# Migration: Health Check Implementation
Note: This document describes a planned HTTP health/metrics layer. The current Session Buddy server does not expose HTTP endpoints; use exec/import checks or build a wrapper if needed.
## Overview
Add production-ready health checks to your MCP stack using mcp_common's health check system. This is an optional HTTP layer for wrappers or custom servers.
**Priority**: ⚡ **HIGH** - Critical for production deployments
## Prerequisites
- `mcp-common>=2.0.0` installed
- FastMCP server running
- Python 3.13+
## Benefits
✅ **Production Monitoring**: Real-time health status of all components (when exposed via a wrapper)

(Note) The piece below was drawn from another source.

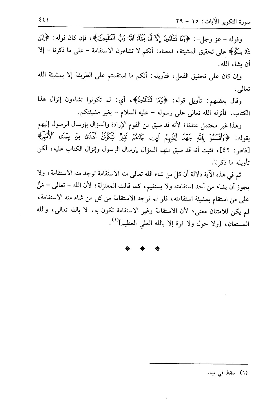 وقوله - عَزَّ وَجَلَّ -: (وَمَا تَشَاءُونَ إِلَّا أَنْ يَشَاءَ اللَّهُ رَبُّ الْعَالَمِينَ (29) فإن كان قوله: (لِمَنْ شَاءَ مِنْكُمْ) على تحقيق المشيئة، فمعناه: أنكم لا تشاءون الاستقامة -على ما ذكرنا- إلا أن يشاء اللَّه.

✅ **Early Problem Detection**: Identify issues before they cause failures
✅ **Standardized Format**: ComponentHealth pattern works across all MCP servers
✅ **Latency Tracking**: Performance diagnostics built-in
✅ **Actionable Metadata**: Rich context for debugging
✅ **Integration Ready**: Works with monitoring tools (Prometheus, DataDog, etc.)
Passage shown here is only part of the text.